Could you set down exactly the lines in the records below between the line holding "Path Through Lush" and the line holding "Волновая разметка инструмента", inclusive?

Top of Information

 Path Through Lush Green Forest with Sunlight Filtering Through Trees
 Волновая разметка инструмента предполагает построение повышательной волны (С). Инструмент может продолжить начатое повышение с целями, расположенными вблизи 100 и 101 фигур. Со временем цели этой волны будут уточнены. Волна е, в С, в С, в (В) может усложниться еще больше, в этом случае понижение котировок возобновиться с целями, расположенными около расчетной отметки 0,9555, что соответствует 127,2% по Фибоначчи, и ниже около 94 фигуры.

Bottom of Information
Top of Information

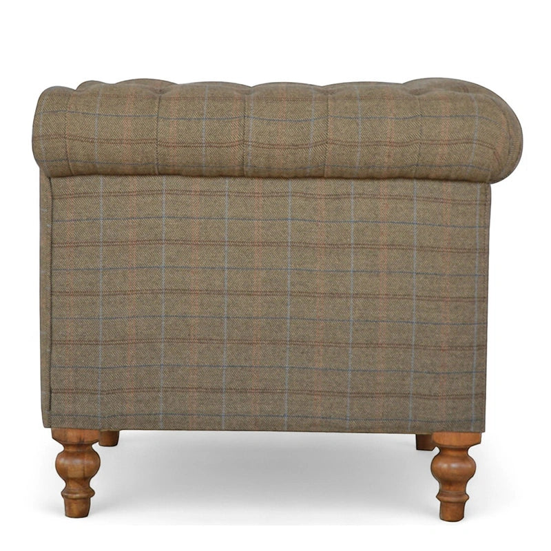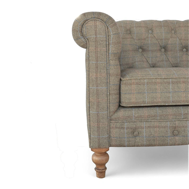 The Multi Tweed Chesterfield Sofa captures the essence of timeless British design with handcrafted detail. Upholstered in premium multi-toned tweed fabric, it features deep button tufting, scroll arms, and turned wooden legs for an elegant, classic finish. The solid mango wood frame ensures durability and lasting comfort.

Bottom of Information

Response below:
 Path Through Lush Green Forest with Sunlight Filtering Through Trees
 Волновая разметка инструмента предполагает построение повышательной волны (С). Инструмент может продолжить начатое повышение с целями, расположенными вблизи 100 и 101 фигур. Со временем цели этой волны будут уточнены. Волна е, в С, в С, в (В) может усложниться еще больше, в этом случае понижение котировок возобновиться с целями, расположенными около расчетной отметки 0,9555, что соответствует 127,2% по Фибоначчи, и ниже около 94 фигуры.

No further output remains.